We can run a quick calculation with ficticious numbers:

In [None]:
# We first estimate cost for spraying
spray_cost = 500000              # estimate $500,000 for spraying
prediction_accuracy = 0.73       # 73% model prediction accuracy
spraying_efficacy = 0.65         # 65% spraying efficacy

cost_of_spraying = spray_cost * (1/prediction_accuracy) * (1/spraying_efficacy)

# We then estimate the potential economic impact
mosquito_infection_rate = 0.005  # 0.5%
population = 10000               # We estimate 10,000 people living in affected area
cost_per_case = 21000            # provided by study mentioned above

economic_impact = mosquito_infection_rate * population * cost_per_case

print(f'The cost for spraying will be ${cost_of_spraying}.')
print(f'The potential economic impact will be ${economic_impact}.')

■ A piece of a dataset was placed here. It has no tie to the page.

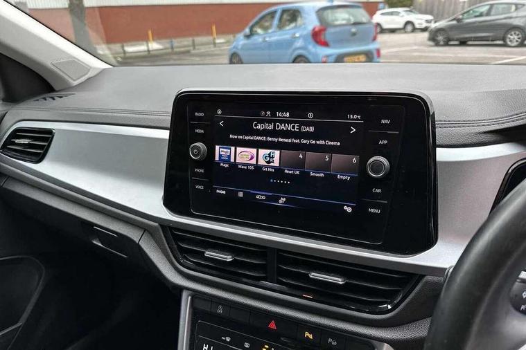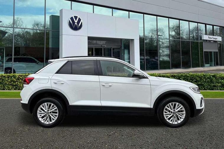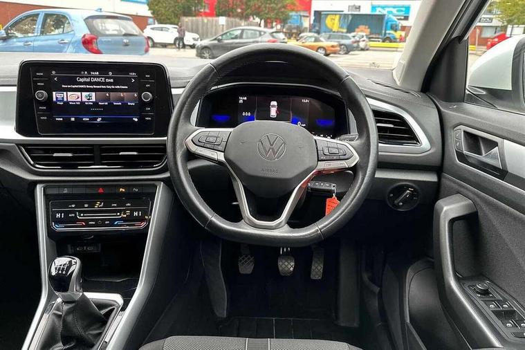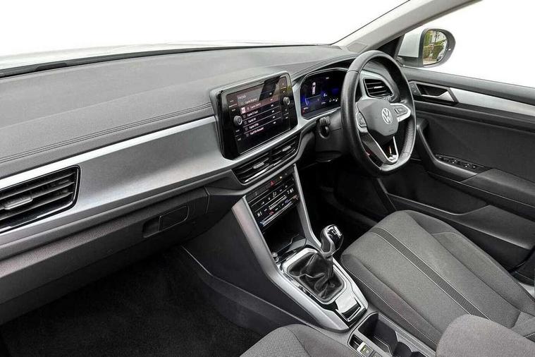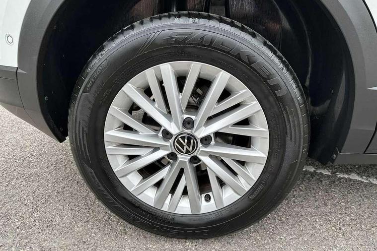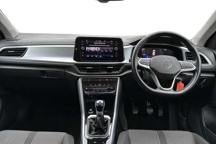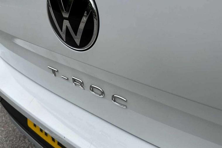 Bluetooth mobile phone interface, Driver alert system with fatigue detection, Driver tips and journey analysis, Emergency call service, Lane keeping system Lane Assist, Modified key software - reduce switch off time for key status change to Long no motion, Online services, Park assist including front and rear parking sensors, Power assisted speed sensitive steering, Service interval indicator, Tailgate/trunk lid release from outside, Think blue trainer driver tips and journey analysis, Warning sound and light for front seatbelts unfastened, Wireless app connect, Battery regeneration during braking, Front shock absorption, Rear shock absorption chassis with increased ride height, Start/stop function with battery regeneration, DAB Digital radio, Diversity antenna for FM reception, Music playback - MP3, WMA and AAC files, Premium USB cable in choice of either Apple or Android smartphone compatibility, SD card slot, Simultaneous pairing of 2 compatible mobile devices, Title and cover art display, We Connect and We Connect Plus functionality, 3rd brake light, Auto dimming interior rear view mirror, Automatic hazard lights activation under emergency braking, Automatic headlight control with LED separate daytime running lights with coming/leaving home function, Black roof rails, Body coloured bumpers and radiator grille with chrome trim and front fog lamps with chrome bezel, Body coloured exterior mirror housings and door handles, Extended roof spoiler, Exterior mirrors aspherical on driver side, convex on front passenger side, External USB type C socket and charging sockets, Front windscreen wiper with intermittent wipe and 4 position delay, Heated rear window, LED rear combination lamps, LED rear number plate lights, LED tail lamp rear comination lamps, Power windows with comfort operation and circuit breaker, Rain sensor, Rear exhaust tailpipe, Rear fog light on one side and reversing lights on both sides, Rear side wing doors, Rear wash/wipe with intermittent wipe setting, Remote electrically foldable door mirrors, puddle lights and reverse activated passenger's door mirror, 12V power socket in centre console, 3 rear head restraints, 3 seat bench in 2nd row, 4 load lashing points in luggage compartment, Air care climatronic air conditoning system with active combination filter and 2-zone temperature control, Ambient lighting with mirror logo projection, Cloth upholstery, Door and side trim panel in cloth, Drawer under drivers seat, Driver/front passenger seat height adjustment, Front centre armrest, Front comfort sports seats, Front cupholders x 2, Front reading light, Instrument lighting, white adjustable panel illumination, Interior light delay, Isofix child seat preparation, Leather gearshift handle, Load-through provision with cup holder when folded down ('Unsplit rear seat bench, split folding backrest, with centre armrest), Luggage compartment lighting, Lumbar support for driver's and front passengers seat, Non-folding front passenger seat backrest, Single front passenger seat, Storage compartment in left and right luggage area, Storage compartment in rear doors, Storage compartments in driver and front passenger doors, Sunvisors with illuminated vanity mirrors, Variable boot floor, height adjustable and removable, Driver assistance pack without proactive passenger protection - T-Roc, 3 point height adj front seatbelts + pretensioners, 3 point seatbelts in outer rear with ECE label, ABS, Child locks on rear doors, Driver and front passenger airbag with front passenger airbag deactivation, Driver and front passenger safety-optimised head restraints, Drivers seatbelt reminder, Electronic parking brake, Electronic Stability Control (ESC) inc EDL (Electronic Differential Lock) and ASR (Traction Control), Front and rear passengers curtain airbag system including front side airbags, Front assist with city emergency braking and pedestrian monitoring, Front disc brakes, Front seat side impact airbags, Hill start assist, Predictive pedestrian protection, Rear disc brakes, Single tone horn, Tyre pressure loss indicator, Volkswagen roadside assistance, Alarm with interior protection, Anti-theft alarm system with interior monitoring, backup horn, and towing protection, Remote central locking with SAFELOCK, radio remote control with 2 remote control folding keys, Pewter matt decorative inserts for intrument panel, centre console and door panels at the front, Trims for alloy wheels,

The cost for spraying will be $1053740.7797681768.
The potential economic impact will be $1050000.0.


We can see above that the costs more or less even out and it will be up to the department of health to make a call in such instances. Our calculations also do not take into account the various intabgible benefits and costs arising from spraying and the West Nile Virus.

## Other Recommendations

There are also other 'cheaper' ways for the government to help reduce the spread of WNV. The Chicago budgetin 2013 showed $9,000,000 dedicated to community engaged care - promoting health through education, policy and service. The government can ramp up education on West Nile Virus and how to prevent mosquito breeding. They can educate the public on preventing stagnant water, applying insect repellent, wearing the proper attire to reduce the chances of getting bitten by mosquitos.

Other measures which they have already undertaken but can place more emphasis on is the reporting of dead birds (a key in transmission of WNV), reporting on tall grass and weeds.